1. Increase knowledge of the benefits of civic engagement for communities.

2. Connect historical events with current circumstances and encourage students to take action through analysis of primary source documents, podcast episodes from The 1619 Project, poetry, and music.

3. Increase students’ awareness of the power of their voices through historical examples of youth and BIPOC-led movements.

4. Create protest signs that reflect the impacts of underreported issues they explored in the unit and/or actions they think should be taken to combat injustices in their communities.

Unit Overview

Art Attacks! uses arts-based exercises and techniques to teach civic history and engagement to youth in juvenile camps and halls. The program is specifically designed to cater to the needs of incarcerated youth, but can be easily adapted for other young adult audiences.

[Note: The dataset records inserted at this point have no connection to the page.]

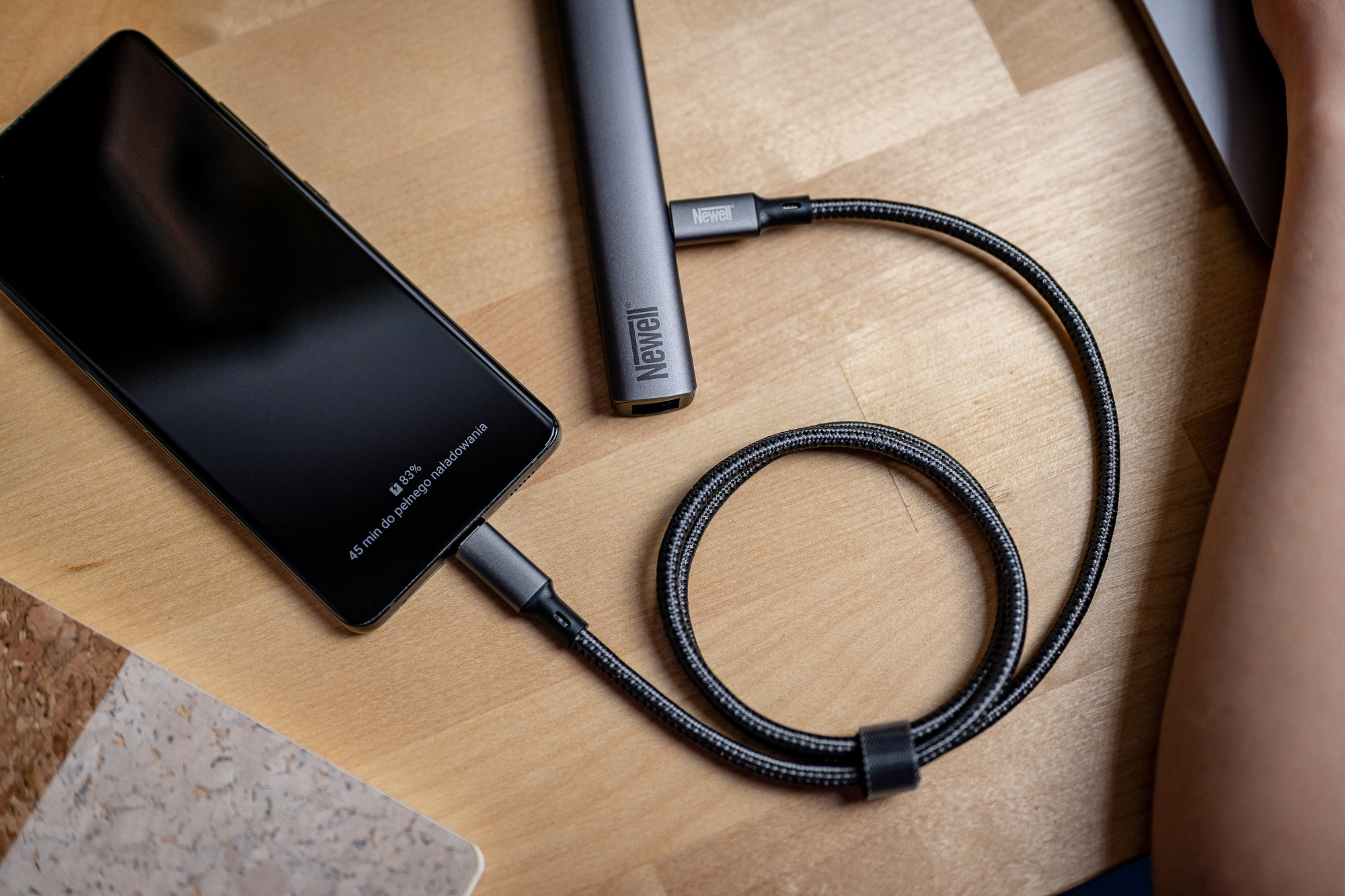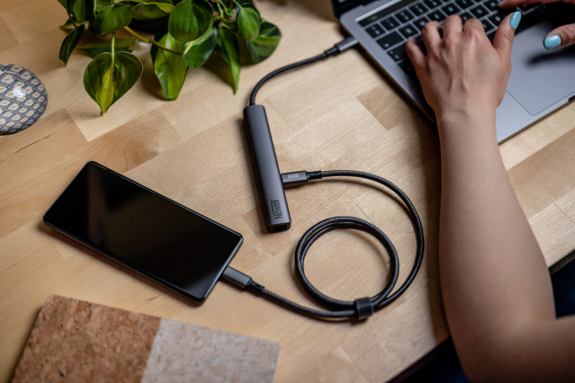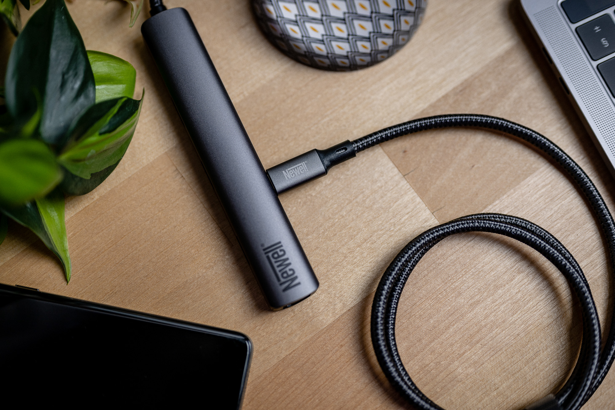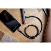 Das ein Meter lange USB-C-USB-C 4.0-Kabel von Newell ist mit einer geflochtenen Hülle aus starken Nylonfasern gesichert. Dieses Design reduziert das Risiko des Verhedderns und verlängert die Lebensdauer des Kabels effektiv. Schutz vor Beschädigungen bieten auch die Kontaktgehäuse aus Aluminium, die nicht nur langlebig sind, sondern auch perfekt mit den modernen Standards des minimalistischen Designs übereinstimmen.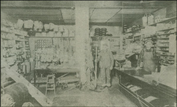 The Lautenbach Hardware Store as it appeared in 1924. Near the center of the photo, holding a rake in his hand was William Messenberg. Arlo Lautenbach was standing behind the counter.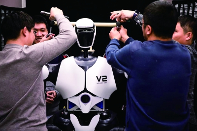 2024年1月31日,人形机器人攻关团队科研人员在多模态人工智能系统全国重点实验室调试机器人。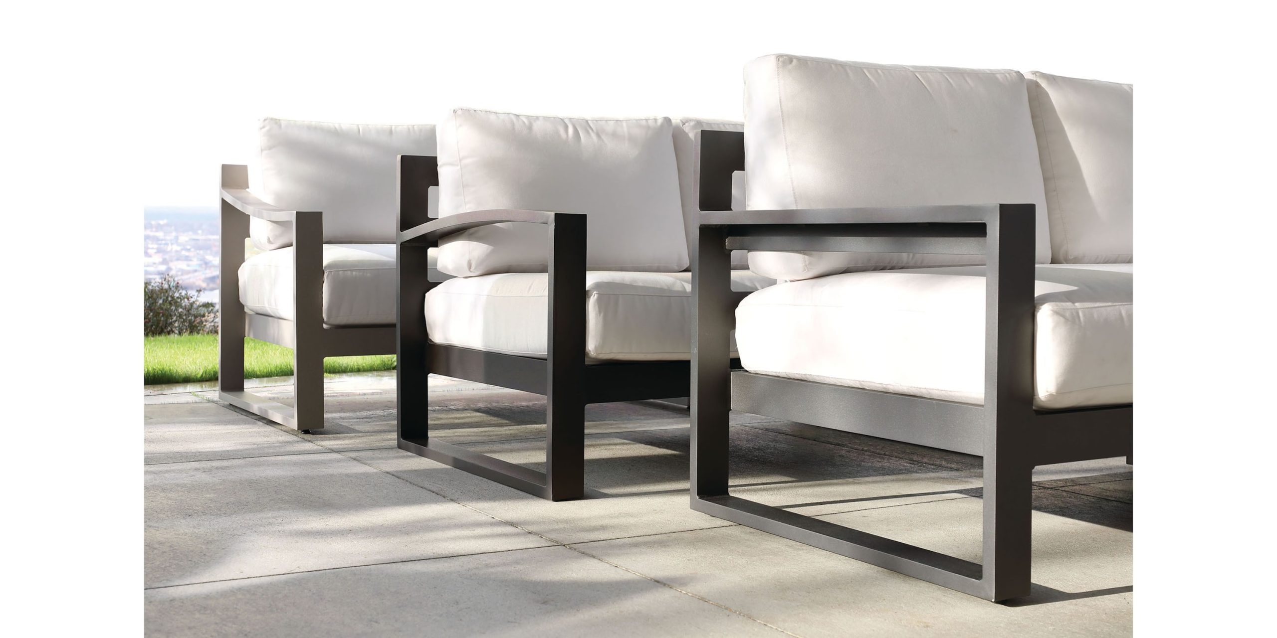 Comfort first always in the Bonavista 3 piece Sectional. From neighbors and family coming together to kicking up your feet with furry friends, the L shaped sectional welcomes all. Featuring a track arm for a sleek contemporary look, make it your own with choice of color in durable Sunbrella fabrics and frame, all made in the USA. Also available with Slope Arm and Arched Arm styles.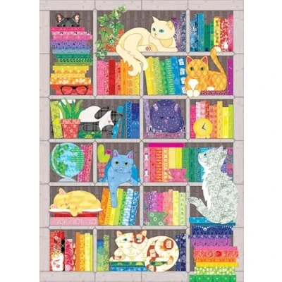 Cobble Hill 1000 Piece Puzzle Rainbow Cat Quilt Sample Poster Included

The Art Attacks! Program, which was created by the nonprofit organization Creative Acts, is designed to civically engage students in youth prisons in Los Angeles county. Using artistic approaches, such as theatre exercises, written and drawn art and music, we impart the importance of civic engagement in a relevant, impactful way. We engage students in discussions about how voting can be a tool to make change in participants’ communities. We also use the Arts as a vessel to teach the reality of American history, and to guide participants in better understanding the roots and branches of the “justice” system and the struggle for civil rights.

Students engage with multiple texts and guided discussions, practice mindfulness and personal reflection, and reflect their learning using multiple art forms. Students ultimately apply their learning by creating protest signs that can be used to challenge injustices in their communities.

Performance Task

The culmination of this program will be the creation of protest signs that students will create using art supplies. Signs should demonstrate what systemic changes have been identified as most meaningful to students and how they will become involved in their communities when returning to their homes.